SCIENTISTS at the University of the Sunshine Coast say we have much to learn from the extreme weather event that has smashed heavily populated areas of the United States' east coast.
Former naval meteorologist and civil engineer Adrian McCallum said the weather system and its impact on infrastructure would be amazing to analyse and something we could learn from.
He is using the combined benefits of his professional disciplines to study the future implications of climate change on infrastructure and the way we plan.
"It's fortunate we haven't had a storm of this severity in heavily populated areas," Mr McCallum said.
"It would be interesting to do some scenario planning and sit politicians and bureaucrats down and consider responses."
Mr McCallum said the potential for similar storms in South-East Queensland and even further south could not be discounted.
He pointed out that the system which reached latitude 40 degrees north in the United States was at similar reversed latitude to Bass Strait.

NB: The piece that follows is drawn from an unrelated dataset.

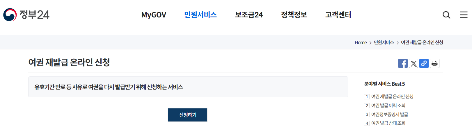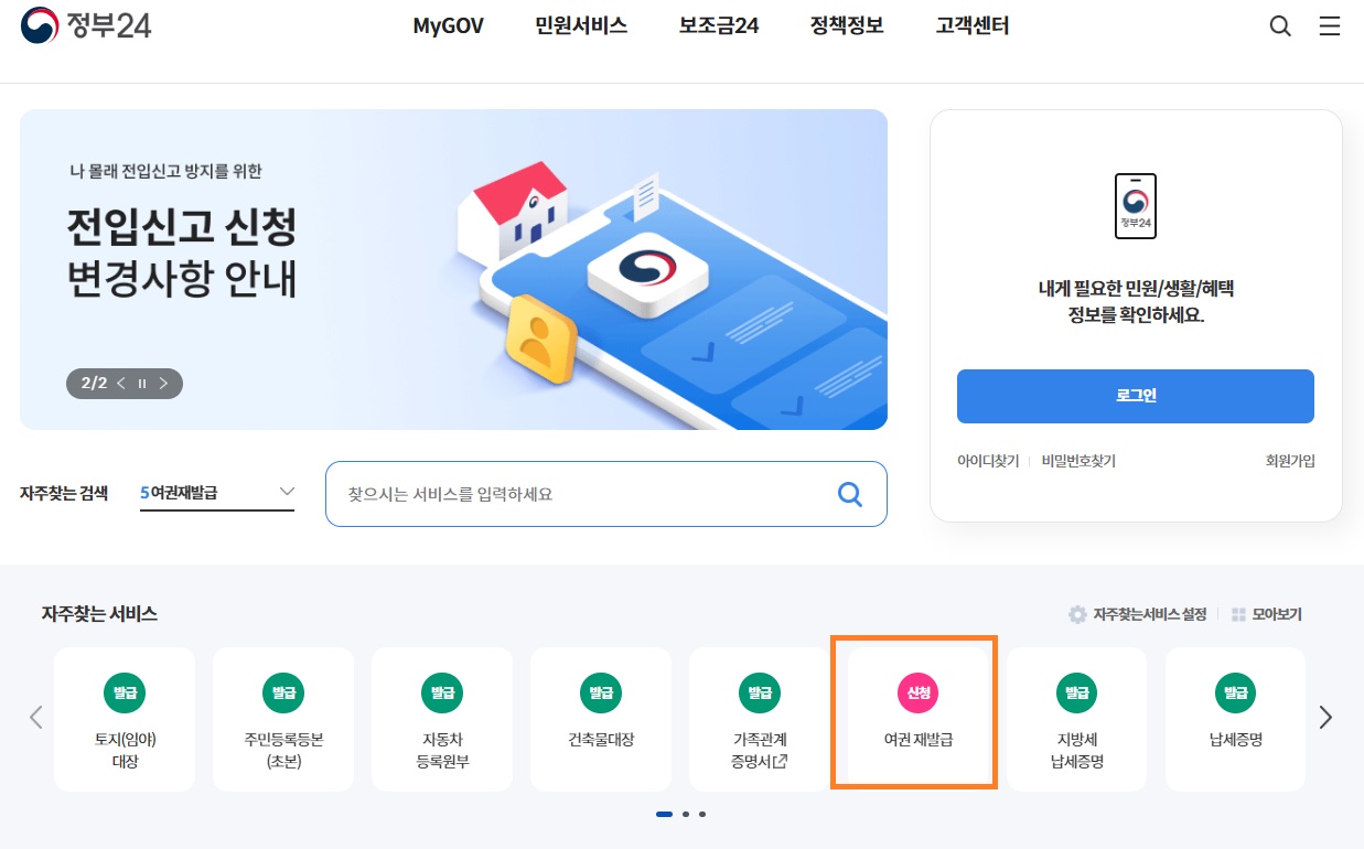2. 위 사진처럼 자주 찾는 서비스 중 '여권 재발급'을 선택하세요.

"When you envisage that scenario here, it's clear that not just Brisbane should be concerned," he said.
University of the Sunshine Coast climate scientist Neil Tindale, who has worked as a researcher in the United States at several universities, NASA and for the US Navy, said Hurricane Sandy had morphed into the equivalent of the east coast lows that had hit the Sunshine Coast, but had combined with two other systems, including a major cold front.
He said the US east coast topography was not much different than here with the barrier islands that bore the brunt of the storm the equivalent of Stradbroke and Moreton islands.
Mr Tindale predicted the storm-surge impacts in New York would affect Brisbane in a very similar way.
"We've been very lucky that Cyclone Yasi followed Larry's track and thread the needle between Townsville and Cairns," he said.